McKean was known as The Grand Lady of Australian country music, and considered a pioneer in the industry, recognized as one of Australia's leading songwriters and bush balladeers and wrote several of Dusty's most popular songs. In 1973, she was awarded the first ever Golden Guitar, for writing "Lights on the Hill". Several documentary films tell of the couple's success and adventures as performers, including The Slim Dusty Movie and Slim and I.

The McKean-Dusty partnership produced over 100 albums, and sold eight million records in Australia alone.

McKean was awarded the OAM in 1991, with the citation "services to the entertainment industry".
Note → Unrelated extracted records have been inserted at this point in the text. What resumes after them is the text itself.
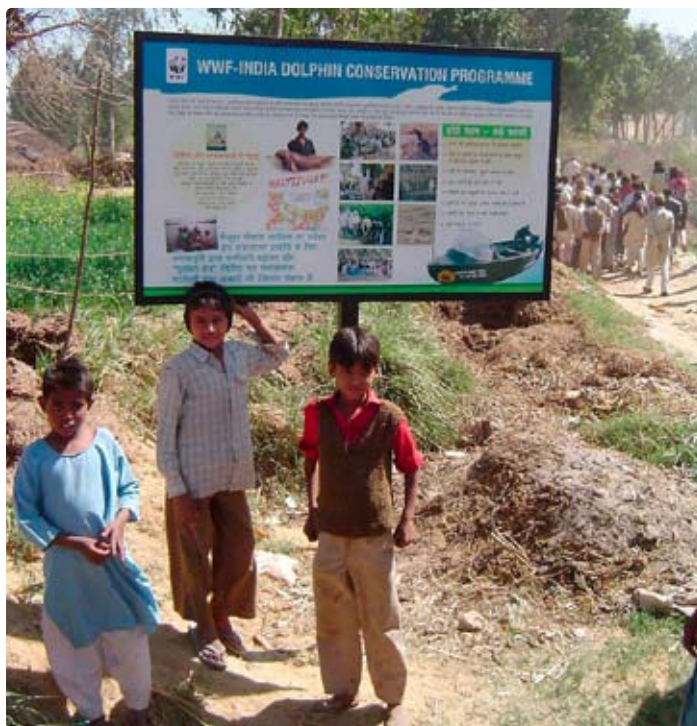
Children in front of a sign about conservation of the Ganges river dolphin, Farida village, Uttar Pradesh, India.

9. WWF also works to phase out and ban the most hazardous industrial chemicals and pesticides, which contaminate people and wildlife including freshwater cetaceans, and to identify and promote safe, effective, and affordable alternatives.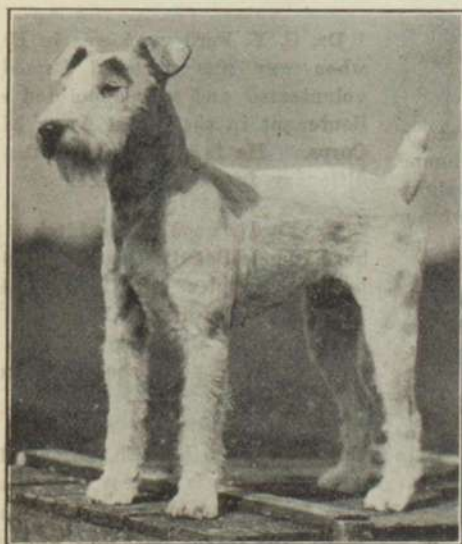
LEEDS WALTZ DREAM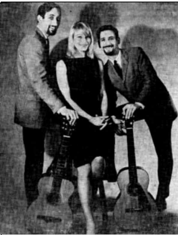
Peter, Paul, and Mary, a rising trio at the time, played Oct. 15, 1962 in the gymnasium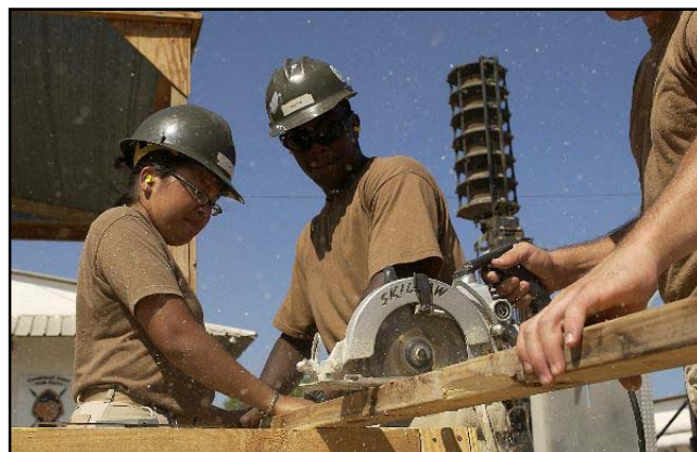
Camp Lemonier, Djibouti. Seabees assigned to Naval Mobile Construction Battalion Three (NMCB-3), Joint Task Force-Horn of Africa cut wood for three new buildings.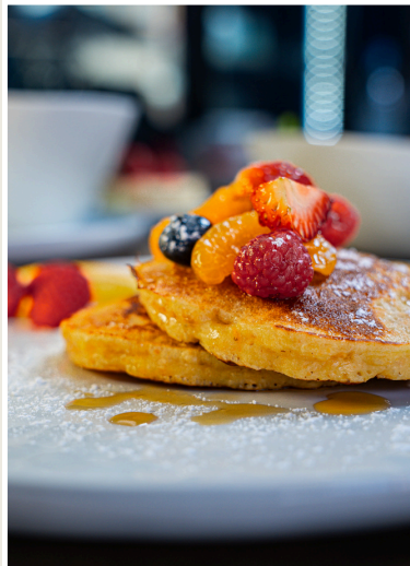
Orange Granola Pancake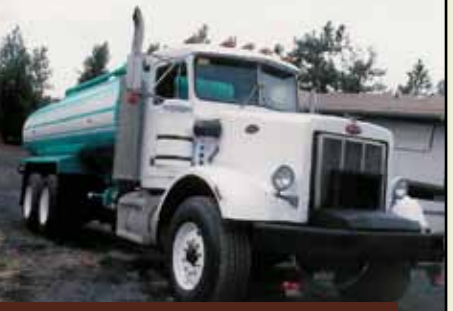
Peterbilt 4000 Gallon Water Truck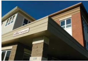
United House 2500 W. Center St.

Prince Hall, a 24-unit mixed-use development was completed in 2008. The apartments, funded using Low Income Housing Tax Credits, are fully leased. Commercial space is also fully occupied.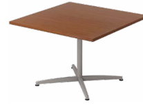
DX38-E4242-29 NO Panel Base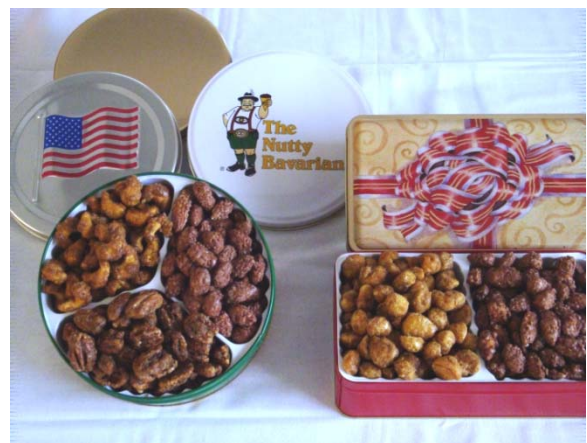
Gift Tin Varieties – Nutty Bavarian Logo Tin Shown in Center

The key to a successful holiday season is to have a great variety of gift packaging for sale. Call us for pricing on gift containers and ideas on how to merchandise them from your venue.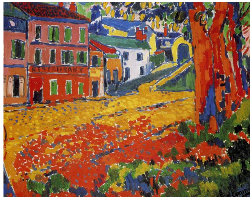
Maurice de Vlaminck, Restaurant de la Machine à Bougival

The term “Fauvism” derives from the French word for “wild beasts.” (Conservative art critics at the time derided their work as wild and savage.) Some of the key artists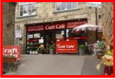
HELEN AND ALAN CHERRY CHERRY'S CAFÉ MATLOCK BATH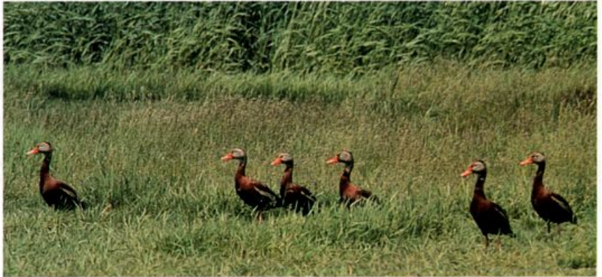
Part of the group of nine Black-bellied Whistling-Ducks that appeared June 17, 1993, at Blezard Valley, Ontario, providing a first record for the province.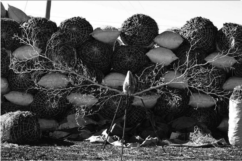
Angel of the Morning. (Image by David Daut Makala)

every point within the gallery, as to make the photographers omni-present in the space. The exhibition's layout was planned to emulate the labyrinthine architecture of the Kalingalinga neighbourhood through angled walls, none of them parallel and all different shapes and sizes to fit the varied work of the individual artists.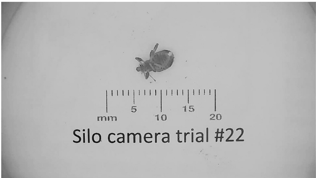
Relayed images from the in-silo monitoring insect trap showing a successfully trapped rice weevil

Initial designs were refined and constructed with a first-prototype of the powered thermosiphon and remote monitoring pest identification camera built.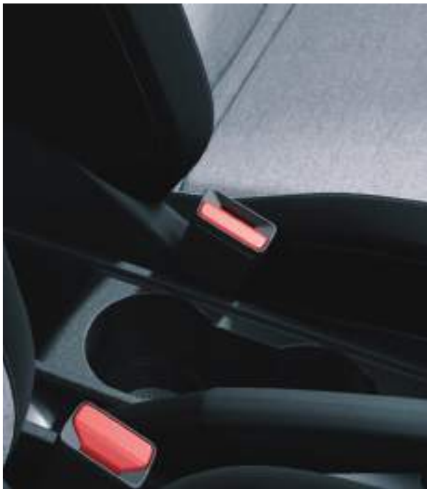
▲ 2-Cup holder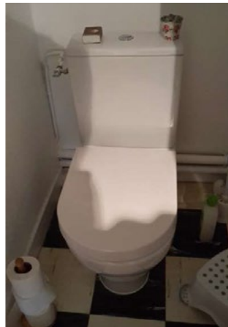
Second floor – Big house - Upstairs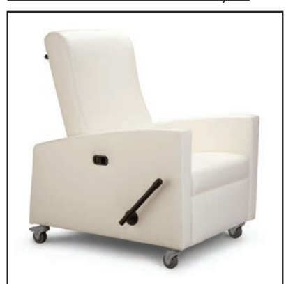
Replay 1513-L/T/X Models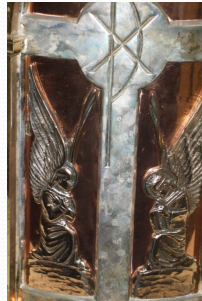
Tabernacle from Loreto Chapel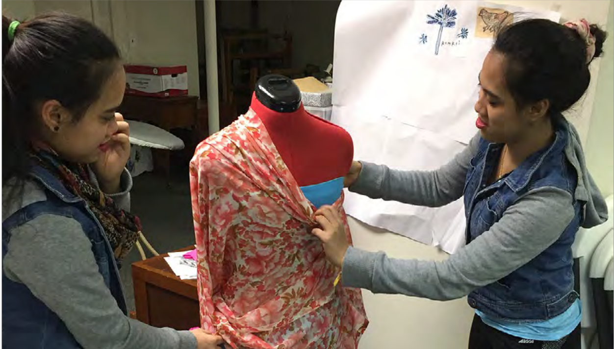
New American teens in Joslyn's Refugee Fashion Art Program preparing their looks for the Omaha Fashion Week runway.

J oslyn Art Museum's Refugee Fashion Arts Program creates the context for teen refugees to explore original fashion and textile designs under the guidance of a professional fashion artist mentor. In partnership with Omaha's Refugee Empowerment Center, Joslyn's weekly fashion arts program gives teen refugees textile-based instruction that focuses on developing technical skills and exploring different ways to actualize creative ideas. After 12 to 16 weeks of practice, the program culminates in a runway fashion show in collaboration with Omaha Fashion Week, providing teen designers with the professional experience of working with models, stylists, and photographers, and exhibiting on a catwalk.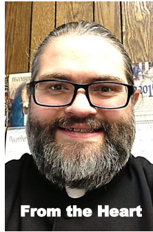
From the Heart

This final Sunday after Pentecost, and last Sunday before the start of Advent and the new liturgical year we celebrate The Solemnity of Our Lord Jesus Christ, King of the Universe . The sacred scriptures attest that Jesus is Lord, that Christ is King, in several places.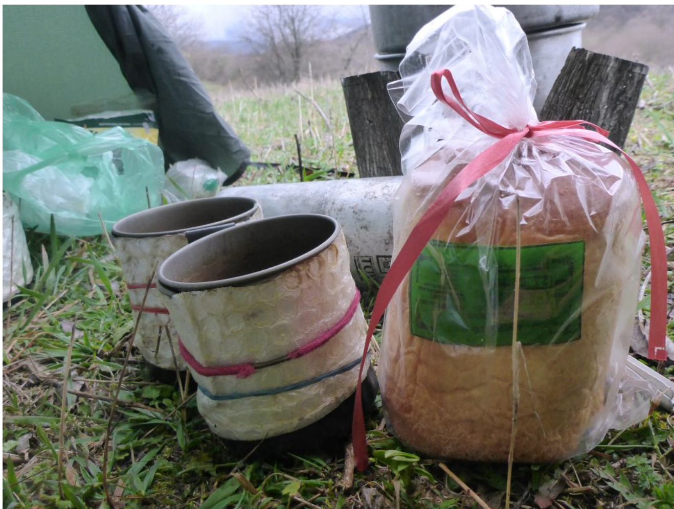
Georgian Easter cake

serving hatch and continue on. It's our second Easter as the Orthodox calendar is different from the Anglican one and this year they are celebrating a week after the UK. We've seen lots of eggs dyed red for sale but not a single one made out of chocolate.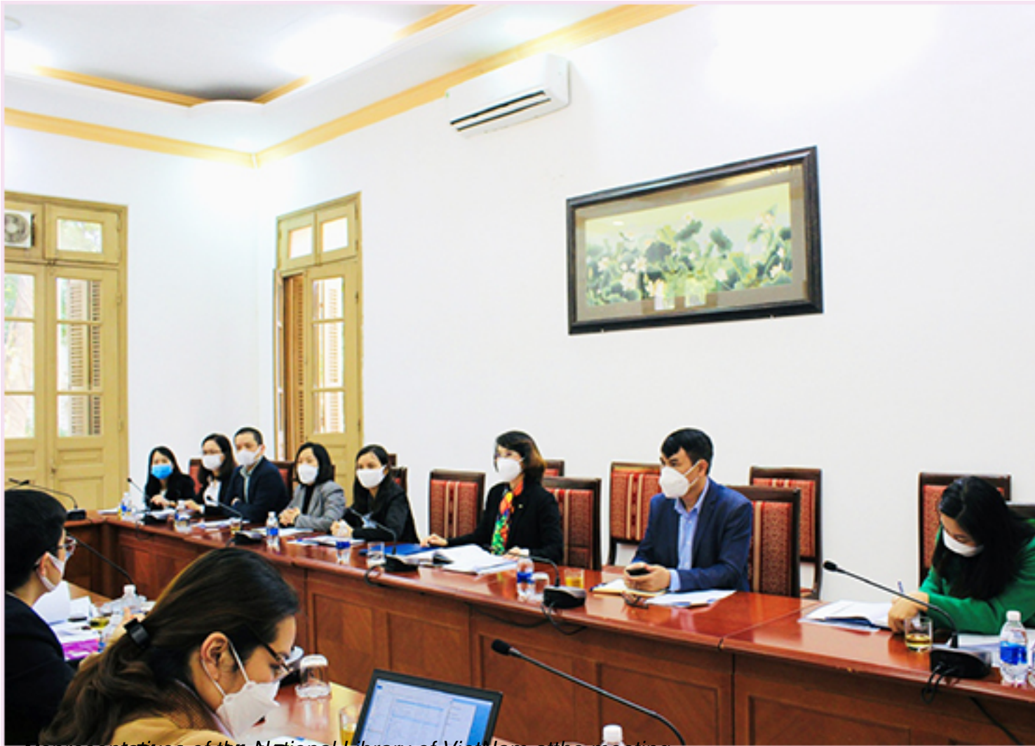
News and Photos of the National Library of Viet Nam at the meeting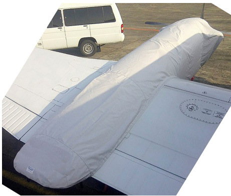
King Air 350 Engine Cover

ALL-YEAR USE MATERIAL - Made with Silver Acrylic Sunbrella canvas, the all-year use material is the best option for sun protection and cover longevity. This heavier more durable material is intended for all weather conditions, such as rain and snow or lots of sun.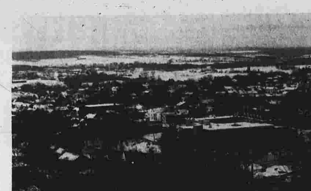
VIEW FROM FOX HILL, ROCKVILLE

One of these, the instant solution arrived. Henceforth, said the Institute of Scrap Iron and Steel, we should not label old automobile or refrigerator bodies as junk.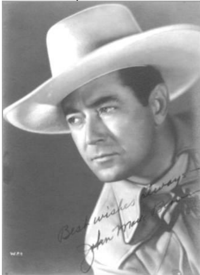
Cowboy, Johnny Mack Brown, at the movies.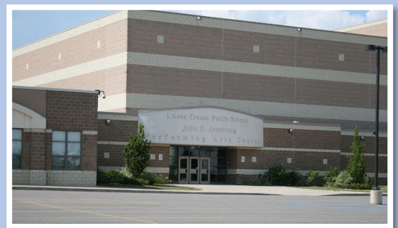
Performing Arts Center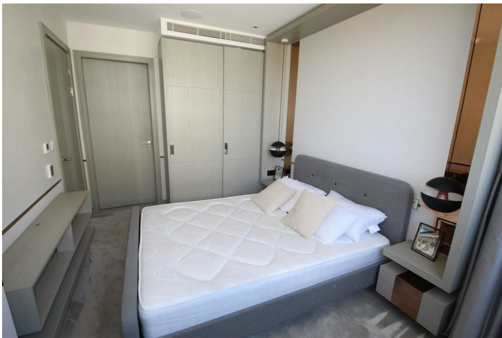
Bedroom 1 view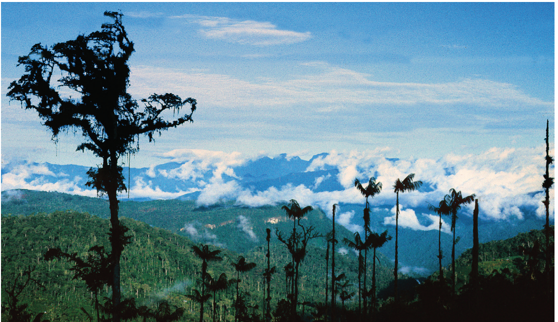
FIGURE 6. The isolated Condor mountain range in Ecuador, as seen from a position near the town of Gualaquiza.

Discussion. Cyrtochilum gentryi is a very interesting species that share morphological features from several different species complexes in the genus, which have been treated as separate genera by some (Königer & Schildhauer 1994, Königer 1996, Senghas 1997, Szlachetko et al. 2017). The growth habit with a creeping and bracteate rhizome is similar to that of species in the C. undulatum and C. flexuosum (the latter as genus Trigonochilum Königer & Schildh.) complexes, thus displaying typical Cyrtochilum sensu stricto features (Kunth 1816), but also to the C. auropurpureum complex (genus Odontoglossum fide Bockemühl 1989, Szlachetko et al. 2017). The flower of C. gentryi , on the other hand, is morphologically close to those in the C. myanthum complex (genus Dasyglossum Königer & Schildh.) with a column that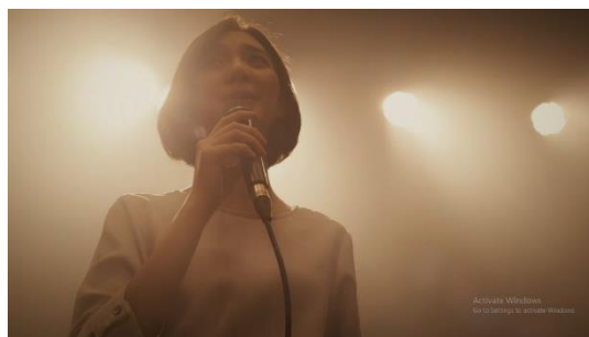
Picture 1 The teacher makes a speech (Source: Miracle in Cell No.7 , 2022)

Teacher : Thank you to Mr. Ustad who has read prayers for all of us, the holy month of Ramadan is a month full of forgiveness, hopefully all of us who are here can get forgiveness from Allah SWT, and now let's watch the performance of the choir from SD Negeri Cilliwung. Let's give it a round of applause.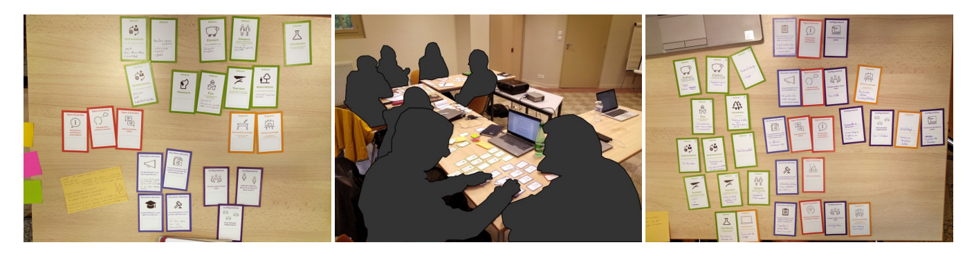
Figure 2: Pictures showing the organization of two groups from workshop I and their final meeting proposals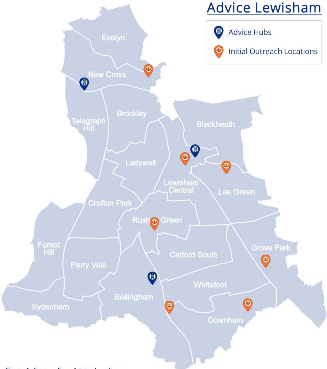
Figure 1: Face-to-Face Advice Locations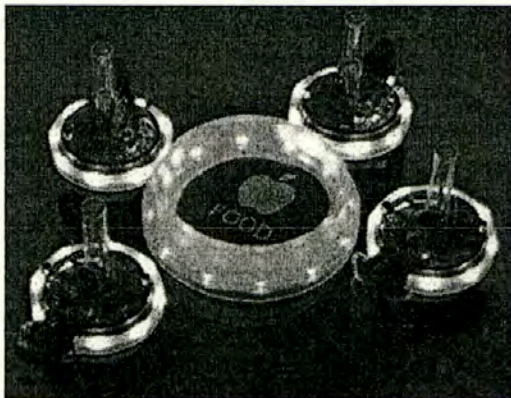
The robots communicated to identify the 'food'

But this theory has been impossible to prove, given the lack of time machines or lack of fossil evidence of ancient tongues.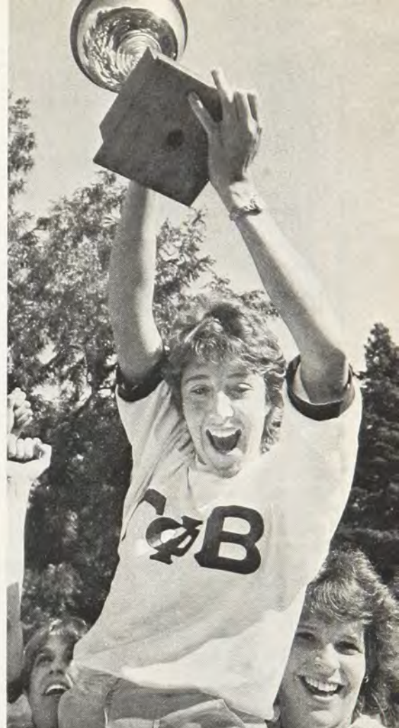
University of Idaho pledges capture the first place trophy in the Sigma Alpha Epsilon Olympics.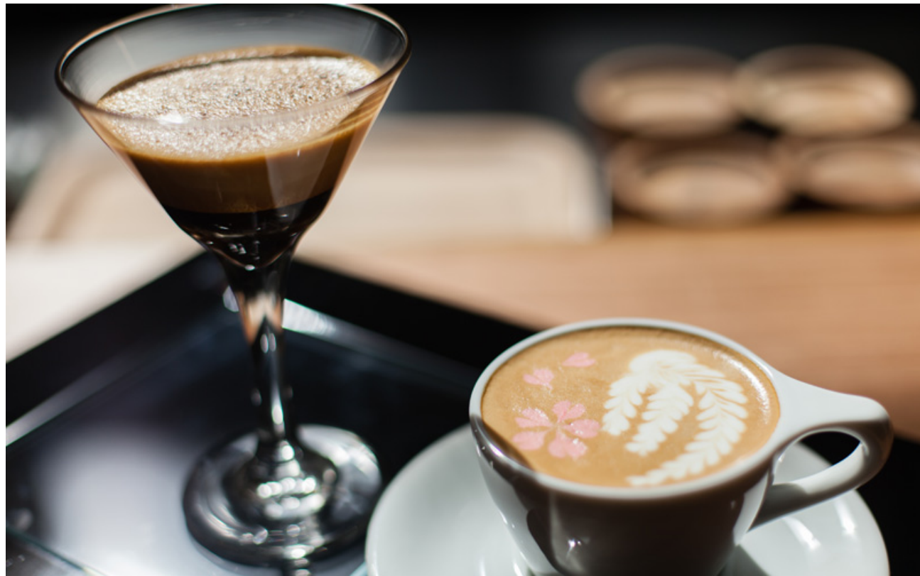
Wake up with Ogawa a's signature chilled foamed espresso in a martini glass or an ornate cappuccino

Where to eat: Pump up your morning with hot java from Ogawa Coffee. This is the Japanese coffee shop's first U.S. location, and if you're lucky, your cappuccino will be adorned by Haruna Murayama, the 2010 World Latte Art Champion. Later in the day, fill up on traditional New England fare (think lobsters and fried clams) under the iconic red striped awning of the lively waterfront Barking Crab . Or simply eat your way through the North End, Boston's famous Italian District. It might only be 0.36 square miles but its winding streets are packed with cafes, grocery stores and restaurants. While there are plenty of steakhouses in Boston, Strip by Strega has some of the best cuts, along with a glam dining room and tunes spun by the most amazing DJs in town. The handsome French-inspired bistro Bar Boulud brings charcuterie to the next level, along with seasonal New England dishes, pâtés, terrines, and its famous Coq au Vin.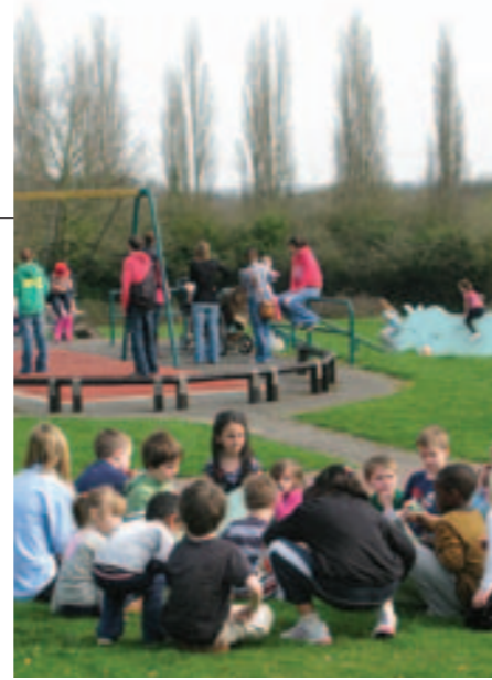
ABOVE: Children enjoying some fresh air at Downhead Park play area.

For less than £3 a month for a Band D household, we hope you will agree that this is pretty good value!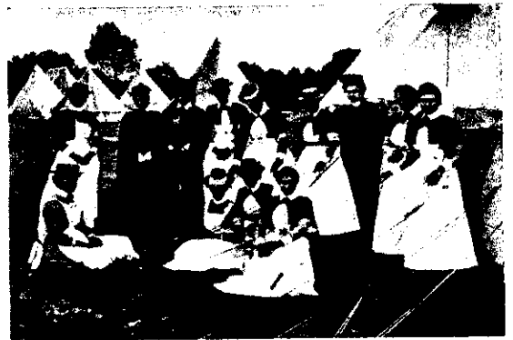
NURSES OF THE PORTLAND HOSPITAL.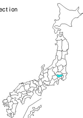
1 case Others/Unknown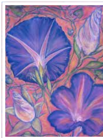
Morning Glories Hallelujah

In 2014, a bronze statue of McKean and Slim Dusty was unveiled in Tamworth, New South Wales

McKean won several APRA Awards and was inducted into the Australian Roll of Renown in 1983. She was the first winner of the Golden Guitars, an award she would win 45 times in her career.

==Biography==
===Early life and career===
Joy McKean was born in Singleton in the Hunter Region, New South Wales, on 14 January 1930. As an infant, McKean lived on the dairy farm belonging to her mother's family. Her father was a country school teacher and the family moved around to several regional centres during her youth. Her mother and their father, who was a steel guitar player, encouraged an interest in different types of music, including country performers Jimmie Rogers and the Carter Family. Joy learned the accordion, piano and steel guitar, while younger sister Heather McKean learned the ukulele and both took up yodeling. McKean also contracted polio as a child and was treated in Sydney by the famous Sister Kenny.

McKean first performed on the radio around the age of 10 on Sydney's 2GB radio station. Later McKean and her sister, Heather McKean (born 20 February 1932), sang for the Sydney University Revue, while a student at the university. By the age of 18, in the 1940s, she was performing live with her sister Heather on their own half-hour Saturday radio show on 2KY as the McKean Sisters, noted for their yodelling harmonies. The Melody Trail starring the two sisters ran from 1949 until 1956. The McKeans began recording, and from 1951 with Rodeo Label they cut such trademark hits as "Gymkhana Yodel" and "Yodel Down The Valley". During this time, McKean met Slim Dusty, introduced by radio DJ Tim McNamara in Sydney.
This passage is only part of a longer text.